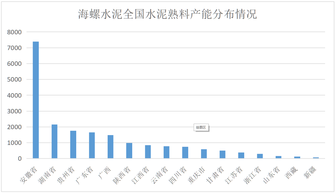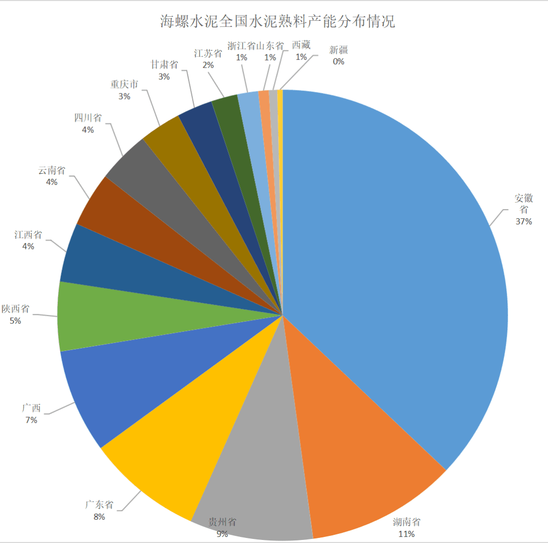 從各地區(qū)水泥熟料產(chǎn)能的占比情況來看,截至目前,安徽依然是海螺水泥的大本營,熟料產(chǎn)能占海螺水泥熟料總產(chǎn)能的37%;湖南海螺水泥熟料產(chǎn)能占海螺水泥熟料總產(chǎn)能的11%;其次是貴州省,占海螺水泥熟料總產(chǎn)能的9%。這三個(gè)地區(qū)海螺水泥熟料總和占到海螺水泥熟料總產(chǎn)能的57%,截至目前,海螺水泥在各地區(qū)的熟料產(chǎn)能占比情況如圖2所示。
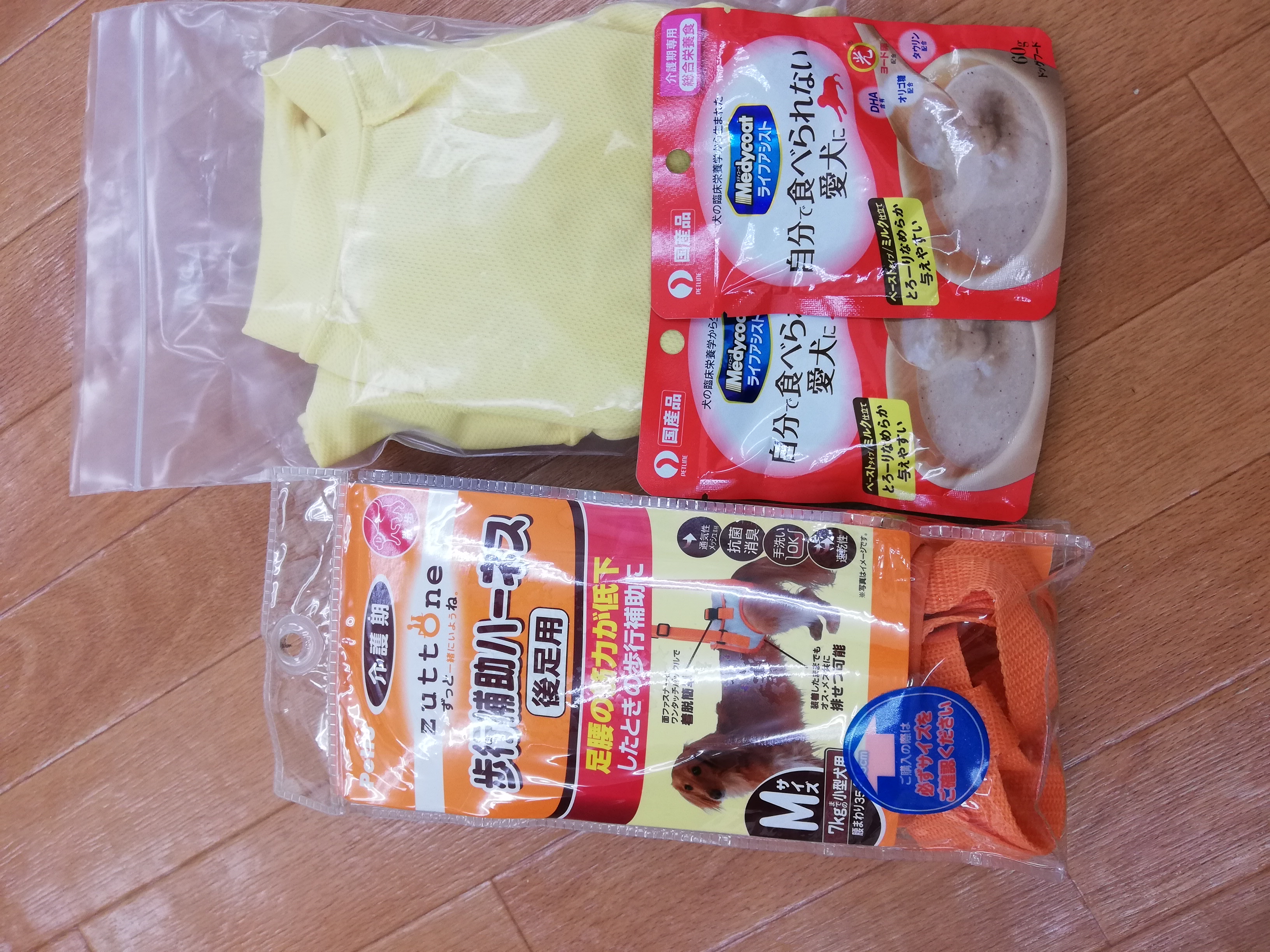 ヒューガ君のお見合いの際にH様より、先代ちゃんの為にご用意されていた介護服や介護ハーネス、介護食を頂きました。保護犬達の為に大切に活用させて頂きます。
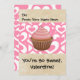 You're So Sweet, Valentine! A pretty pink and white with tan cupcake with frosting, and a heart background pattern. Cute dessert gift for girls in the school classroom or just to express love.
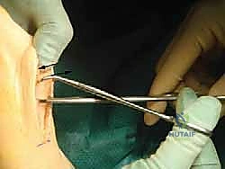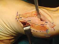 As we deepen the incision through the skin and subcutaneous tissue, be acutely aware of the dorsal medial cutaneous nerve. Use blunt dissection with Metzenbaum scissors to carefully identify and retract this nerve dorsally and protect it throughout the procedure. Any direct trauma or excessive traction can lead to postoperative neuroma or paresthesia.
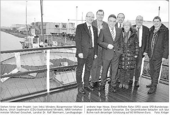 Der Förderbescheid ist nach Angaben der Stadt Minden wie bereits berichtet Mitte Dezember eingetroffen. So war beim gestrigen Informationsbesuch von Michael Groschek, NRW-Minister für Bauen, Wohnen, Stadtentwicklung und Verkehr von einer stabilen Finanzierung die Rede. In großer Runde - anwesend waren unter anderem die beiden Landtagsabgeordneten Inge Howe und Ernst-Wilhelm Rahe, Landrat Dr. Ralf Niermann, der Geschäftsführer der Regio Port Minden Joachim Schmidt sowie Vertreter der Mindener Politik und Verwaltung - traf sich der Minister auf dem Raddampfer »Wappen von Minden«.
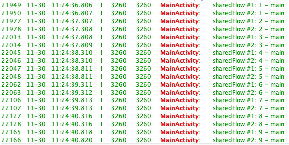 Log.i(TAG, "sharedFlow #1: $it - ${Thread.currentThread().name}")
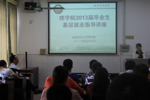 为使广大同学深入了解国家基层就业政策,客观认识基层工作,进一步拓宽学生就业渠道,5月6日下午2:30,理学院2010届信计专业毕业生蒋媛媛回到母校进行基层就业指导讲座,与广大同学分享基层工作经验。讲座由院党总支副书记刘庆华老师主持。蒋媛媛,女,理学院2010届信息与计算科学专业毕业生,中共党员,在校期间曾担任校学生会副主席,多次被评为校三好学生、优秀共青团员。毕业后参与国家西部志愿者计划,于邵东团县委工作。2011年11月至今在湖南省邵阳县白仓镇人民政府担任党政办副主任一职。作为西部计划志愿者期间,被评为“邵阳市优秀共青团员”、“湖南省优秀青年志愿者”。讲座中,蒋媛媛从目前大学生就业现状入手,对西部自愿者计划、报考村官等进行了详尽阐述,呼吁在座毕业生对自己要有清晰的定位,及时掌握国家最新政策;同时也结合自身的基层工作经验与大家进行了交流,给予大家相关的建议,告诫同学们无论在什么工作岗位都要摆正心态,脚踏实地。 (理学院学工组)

════════════════════

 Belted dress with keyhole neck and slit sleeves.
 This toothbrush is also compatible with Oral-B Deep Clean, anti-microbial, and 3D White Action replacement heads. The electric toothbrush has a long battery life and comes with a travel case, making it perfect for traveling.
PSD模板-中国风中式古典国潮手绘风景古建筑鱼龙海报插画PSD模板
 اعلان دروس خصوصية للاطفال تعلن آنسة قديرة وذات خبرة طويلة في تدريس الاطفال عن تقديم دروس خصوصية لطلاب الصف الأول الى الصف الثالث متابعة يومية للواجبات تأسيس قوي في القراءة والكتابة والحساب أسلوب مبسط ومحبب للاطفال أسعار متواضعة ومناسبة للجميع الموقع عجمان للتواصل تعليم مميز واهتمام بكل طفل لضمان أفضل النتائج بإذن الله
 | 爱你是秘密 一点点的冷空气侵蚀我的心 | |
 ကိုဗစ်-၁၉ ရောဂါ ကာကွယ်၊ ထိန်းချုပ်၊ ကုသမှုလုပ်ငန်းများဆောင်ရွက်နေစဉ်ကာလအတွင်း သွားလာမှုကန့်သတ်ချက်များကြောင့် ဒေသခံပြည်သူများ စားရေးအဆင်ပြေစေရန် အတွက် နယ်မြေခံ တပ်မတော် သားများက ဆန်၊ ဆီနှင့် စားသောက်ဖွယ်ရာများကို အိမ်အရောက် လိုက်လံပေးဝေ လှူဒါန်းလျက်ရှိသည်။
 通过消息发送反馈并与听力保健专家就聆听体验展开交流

════════════════════

* [What needs to be done]:
Your task is to retype the entries verbatim, starting with the line that holds "اعلان دروس خصوصية" and stopping after the line that holds "ကိုဗစ်-၁၉ ရောဂါ ကာကွယ်၊".

* [Exercise response]:
 اعلان دروس خصوصية للاطفال تعلن آنسة قديرة وذات خبرة طويلة في تدريس الاطفال عن تقديم دروس خصوصية لطلاب الصف الأول الى الصف الثالث متابعة يومية للواجبات تأسيس قوي في القراءة والكتابة والحساب أسلوب مبسط ومحبب للاطفال أسعار متواضعة ومناسبة للجميع الموقع عجمان للتواصل تعليم مميز واهتمام بكل طفل لضمان أفضل النتائج بإذن الله
 | 爱你是秘密 一点点的冷空气侵蚀我的心 | |
 ကိုဗစ်-၁၉ ရောဂါ ကာကွယ်၊ ထိန်းချုပ်၊ ကုသမှုလုပ်ငန်းများဆောင်ရွက်နေစဉ်ကာလအတွင်း သွားလာမှုကန့်သတ်ချက်များကြောင့် ဒေသခံပြည်သူများ စားရေးအဆင်ပြေစေရန် အတွက် နယ်မြေခံ တပ်မတော် သားများက ဆန်၊ ဆီနှင့် စားသောက်ဖွယ်ရာများကို အိမ်အရောက် လိုက်လံပေးဝေ လှူဒါန်းလျက်ရှိသည်။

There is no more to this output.